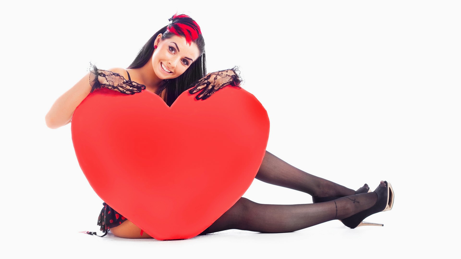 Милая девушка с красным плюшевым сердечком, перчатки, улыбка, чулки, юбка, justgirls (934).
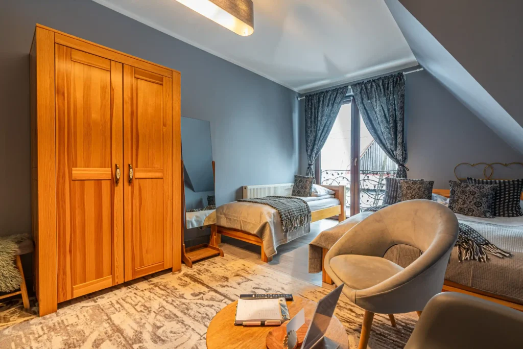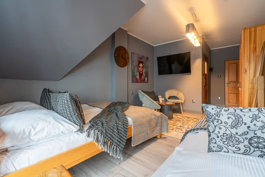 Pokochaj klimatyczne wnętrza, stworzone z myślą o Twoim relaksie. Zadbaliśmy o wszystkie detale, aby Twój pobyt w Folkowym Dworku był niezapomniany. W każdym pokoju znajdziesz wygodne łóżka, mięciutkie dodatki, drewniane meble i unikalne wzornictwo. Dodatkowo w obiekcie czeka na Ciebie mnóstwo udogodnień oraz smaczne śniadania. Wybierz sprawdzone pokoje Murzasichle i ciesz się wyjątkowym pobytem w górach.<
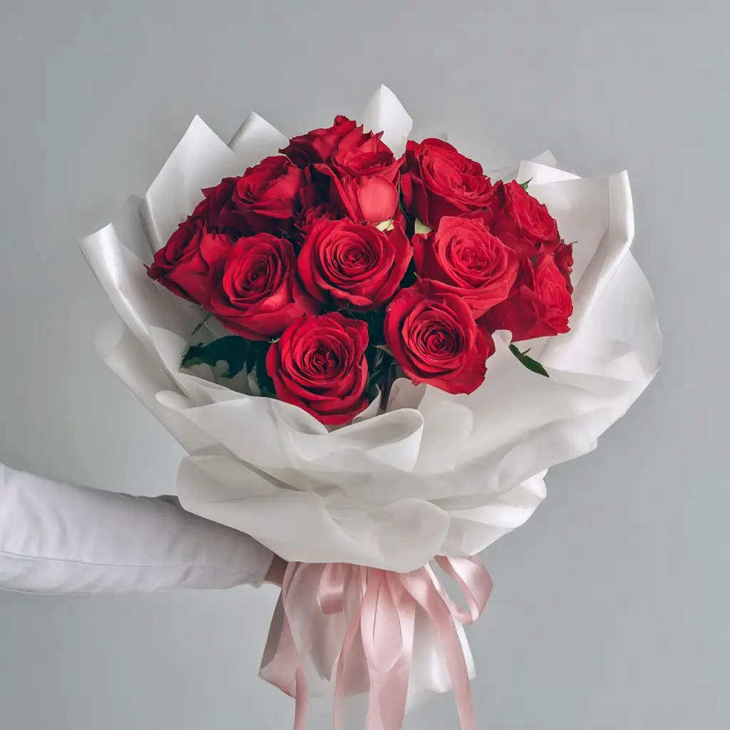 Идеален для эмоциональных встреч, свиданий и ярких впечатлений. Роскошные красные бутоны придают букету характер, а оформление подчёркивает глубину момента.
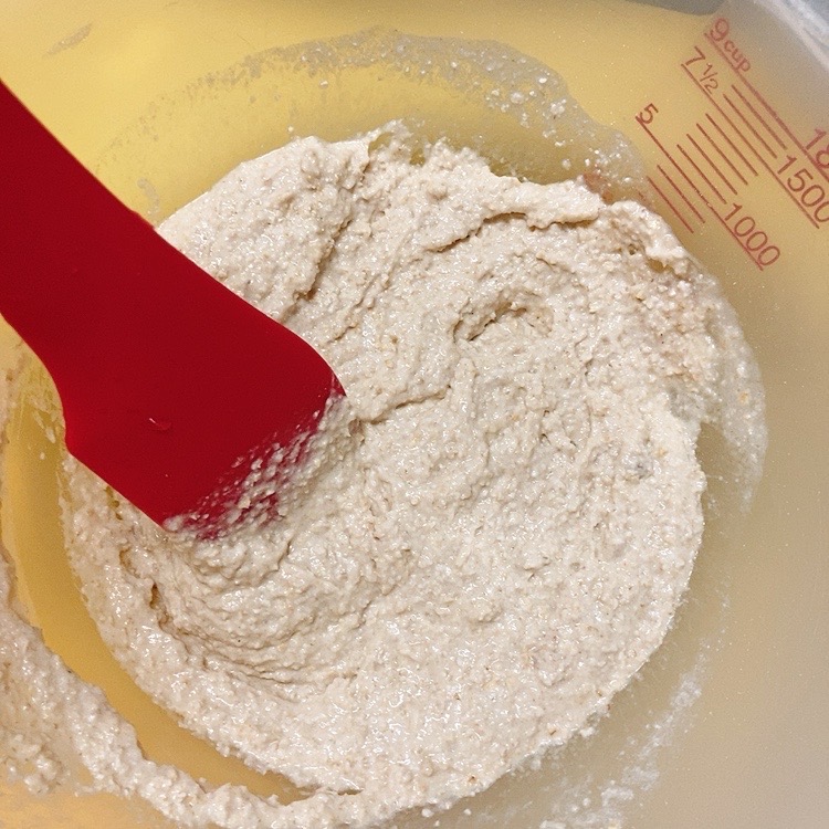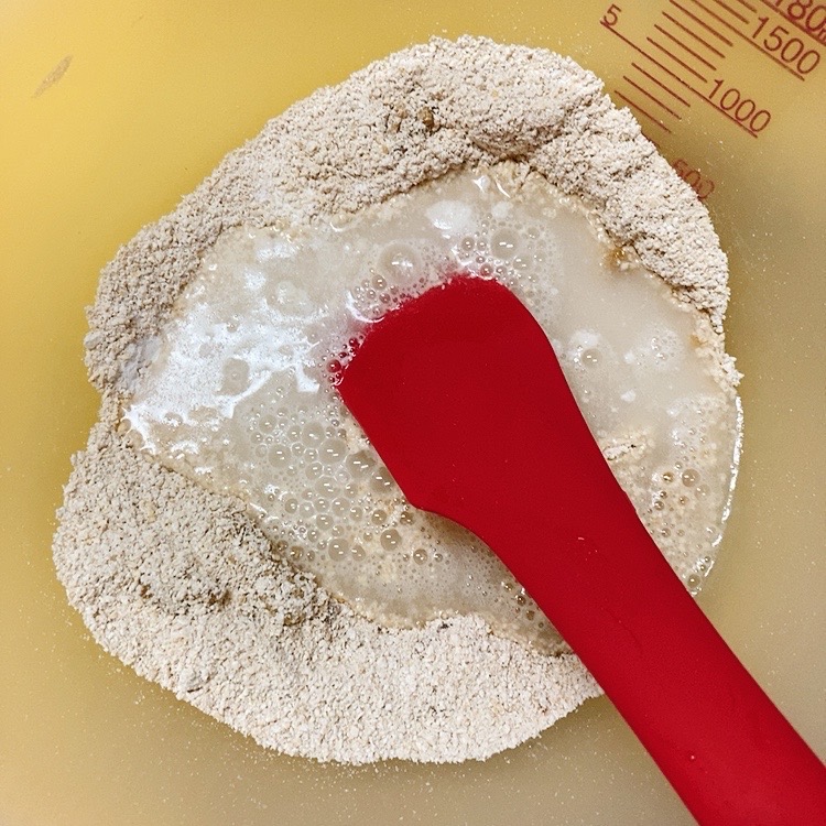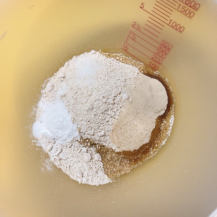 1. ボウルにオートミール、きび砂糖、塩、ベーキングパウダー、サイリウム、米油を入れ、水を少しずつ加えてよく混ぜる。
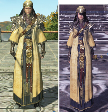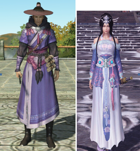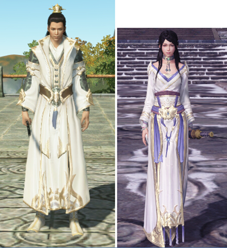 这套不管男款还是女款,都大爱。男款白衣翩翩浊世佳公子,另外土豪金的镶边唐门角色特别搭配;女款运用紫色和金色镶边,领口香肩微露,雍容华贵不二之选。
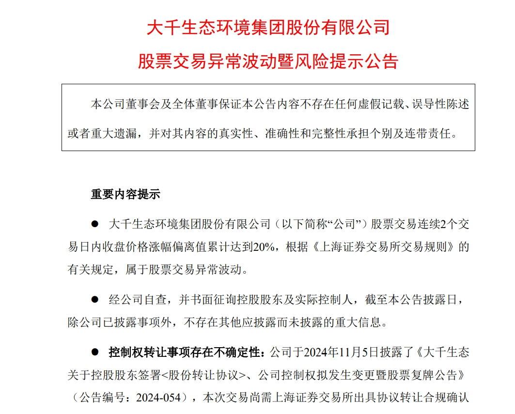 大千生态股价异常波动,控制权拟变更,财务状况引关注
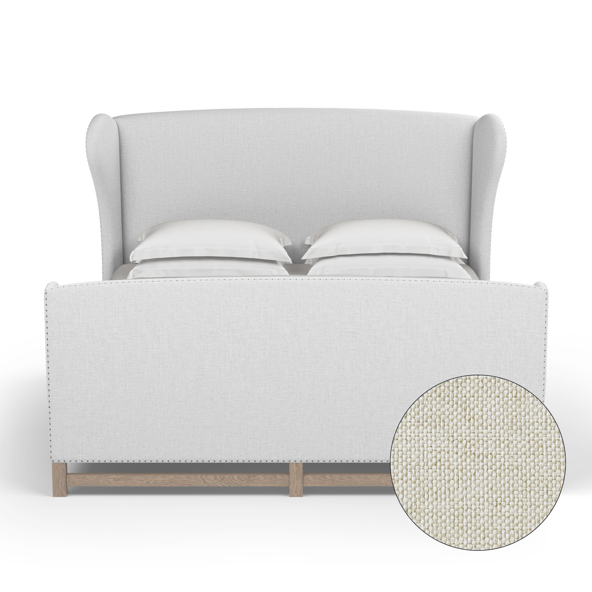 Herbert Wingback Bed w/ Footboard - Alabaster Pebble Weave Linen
--*--
* **Task brief**: From the line containing "大千生态股价异常波动,控制权拟变更,财务状况引关注" to the last line of the material, every line is to be reproduced exactly. No picture belongs in the copy.

* **Answer to the exercise**:
 大千生态股价异常波动,控制权拟变更,财务状况引关注
 Herbert Wingback Bed w/ Footboard - Alabaster Pebble Weave Linen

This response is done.